* character encoding
@ 2002-10-20 19:01 Hugh Lawson
2002-10-21 7:36 ` Charles Muller
[not found] ` <mailman.1035185597.6743.help-gnu-emacs@gnu.org>
0 siblings, 2 replies; 5+ messages in thread
From: Hugh Lawson @ 2002-10-20 19:01 UTC (permalink / raw)
Sometimes when I cut and past "it's" from a web page into an emacs
buffer it transfers as "it?s". Ditto for other similar events.

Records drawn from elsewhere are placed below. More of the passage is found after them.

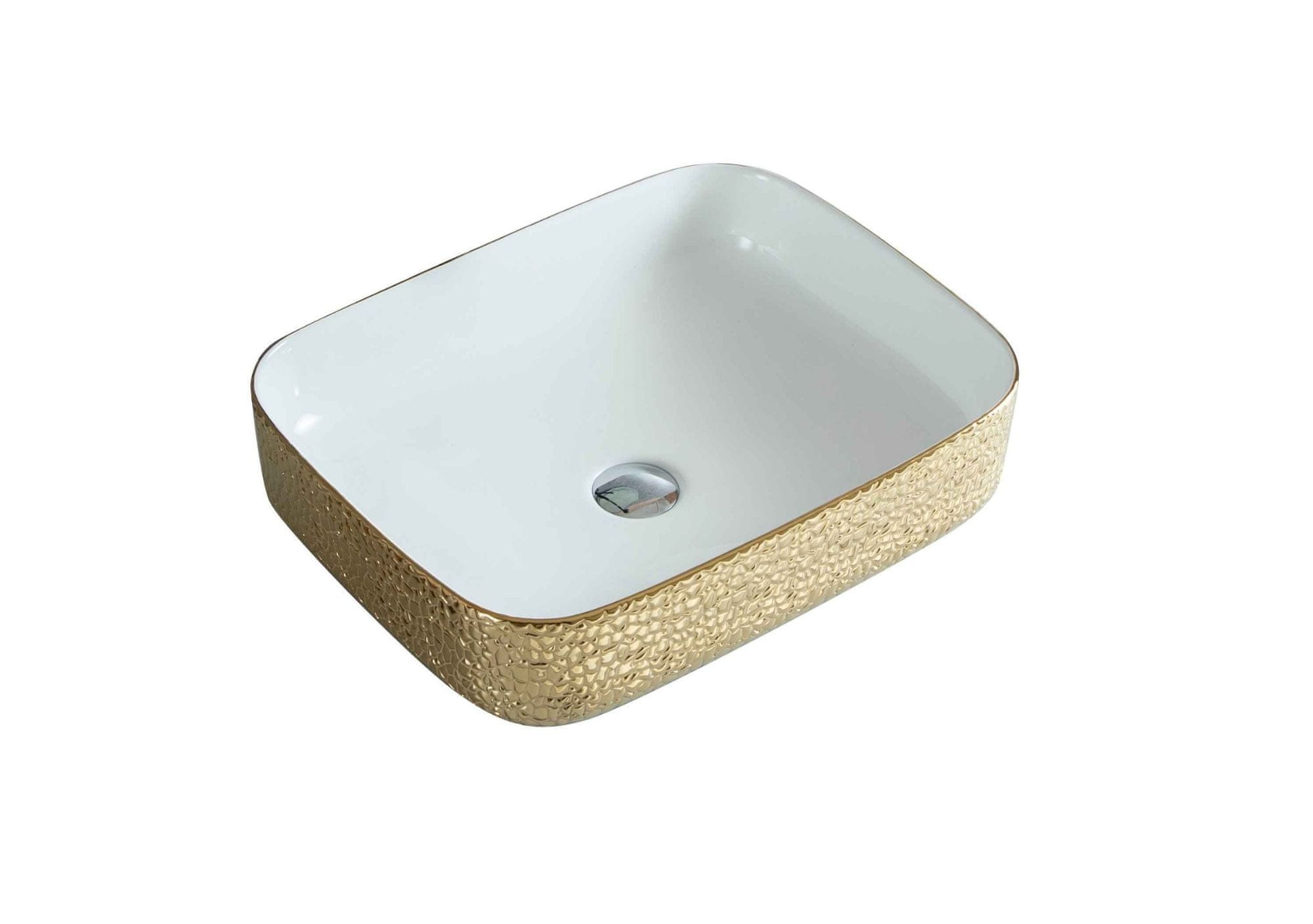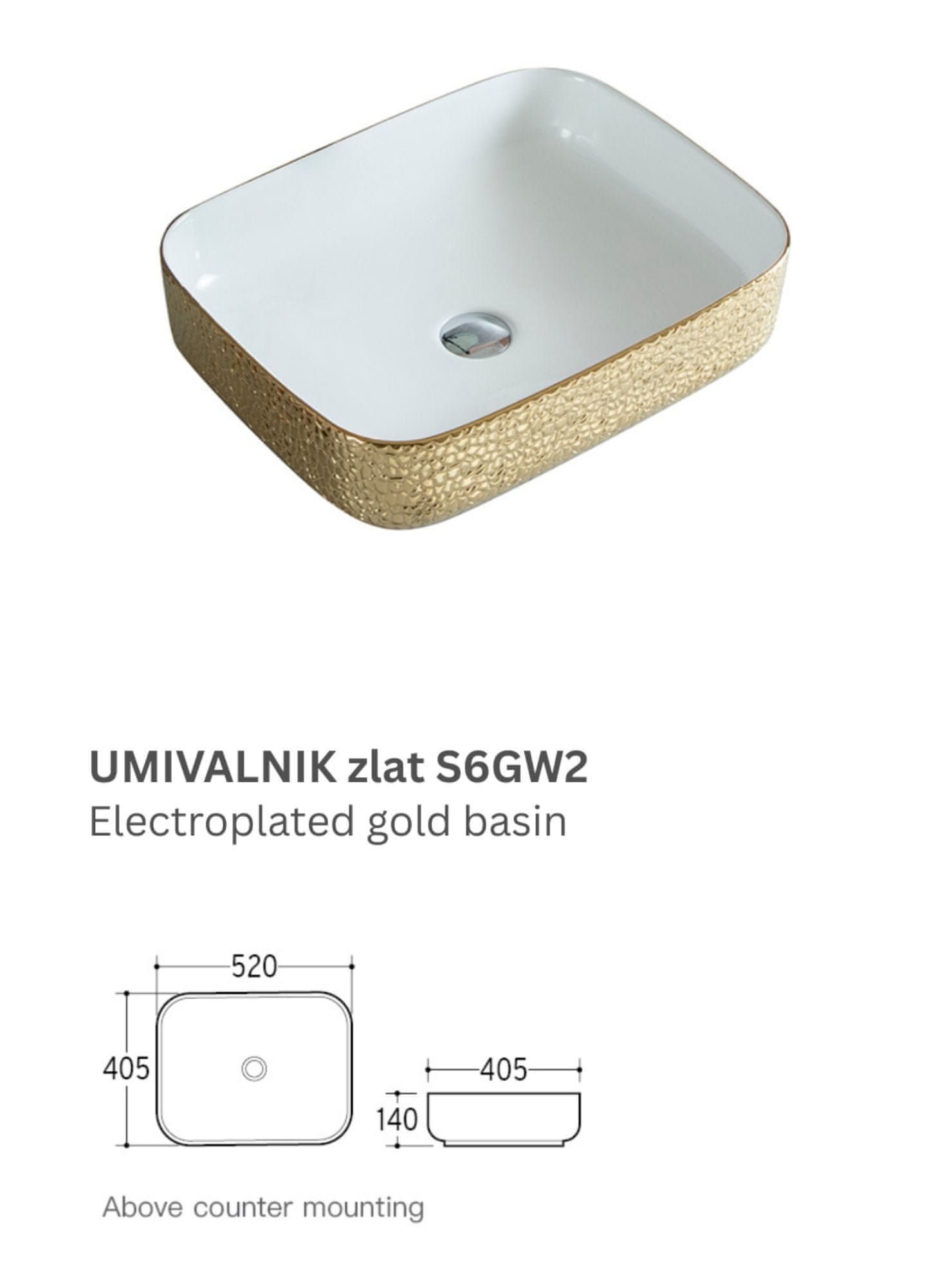 Dodajte svoji kopalnici sijaj in prefinjenost z umivalnikom zlat S6GW2, ki združuje visok sijaj zlate elektroprevleke z gladko belo notranjostjo.
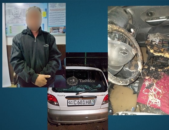 В ночь с 12 на 13 февраля, примерно в 1:45 сотрудник 1-го отряда 4-го батальона бригады ППС ГУВД г. Ташкента младший сержант А. Махмудов и военнослужащий Национальной гвардии Б. Мамажонов при патрулировании Чиланзарского района за школой № 90 увидели автомобиль марки «Матиз», в салоне которого мужчина пытался поджечь себя.
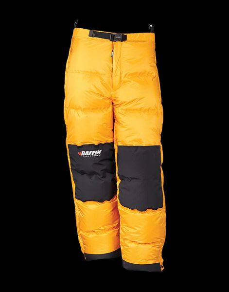 Designed for use with Baffin Apparel layering system Insulated cold-weather protection Waterproof, full two-way zipper 800 Fill Down Reinforced knees and seat areas -I used these pants only once on a snowmobile trip below -30. They are by far the most comfortable , lightweight and warm polar rated pants I have used. Like New Condition Asking $1000 for full set.
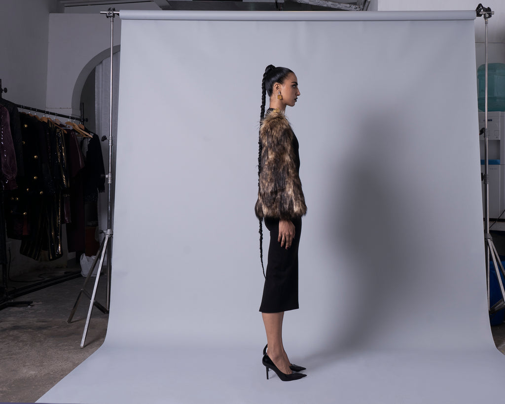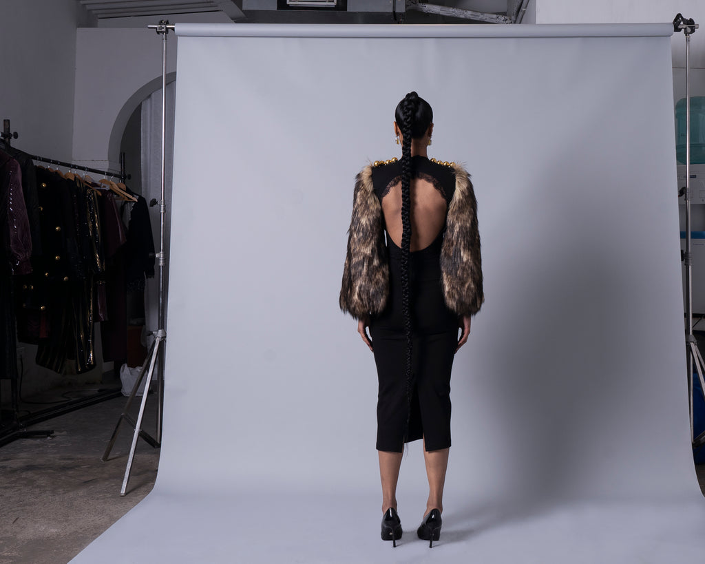 Featuring a classic black bodycon with faux fur sleeves and gold metallic balls adorning the shoulders with a scoop cut-out at the back.
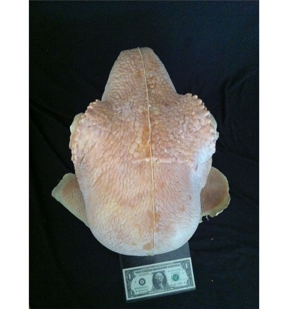 This is an incredibly cool raptor dinosaur full head unused mask made of heavy latex. Some sort of test pull for an animatronic puppet skin. Excellent one of a kind pull to finish up yourself for display, use for a costume, or use in your Haunt or Indy Film!
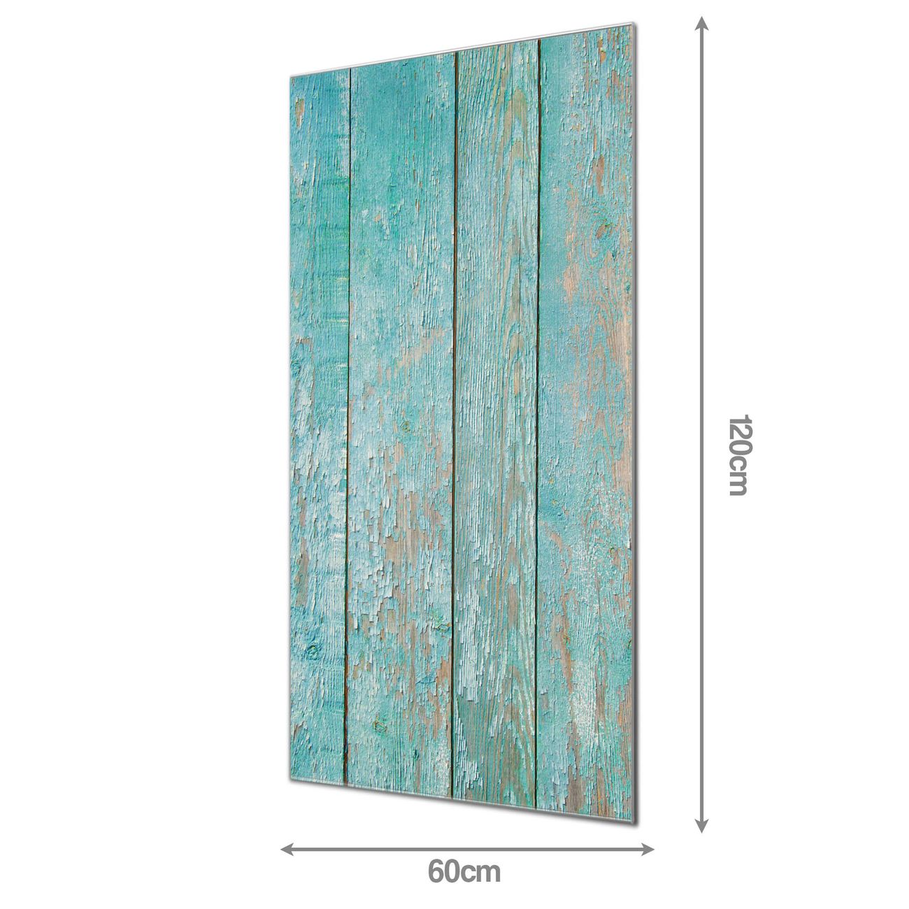 Material  4mm Sicherheitsglas mit Metallrückwand Eigenschaften  farbbrillant, kratzfest, rahmenlos Maße  60x120x0,6cm, 10,80 kg schwer Motiv  Nummer 11395 Blaue Planken

How do I fix this? What do I need to study?
--
Hugh Lawson
hlawson@triad.rr.com
^ permalink raw reply [flat|nested] 5+ messages in thread
* Re: character encoding
2002-10-20 19:01 character encoding Hugh Lawson
@ 2002-10-21 7:36 ` Charles Muller
[not found] ` <mailman.1035185597.6743.help-gnu-emacs@gnu.org>
1 sibling, 0 replies; 5+ messages in thread
From: Charles Muller @ 2002-10-21 7:36 UTC (permalink / raw)
Cc: help-gnu-emacs
Hugh wrote:
>
> Sometimes when I cut and past "it's" from a web page into an emacs
> buffer it transfers as "it?s". Ditto for other similar events.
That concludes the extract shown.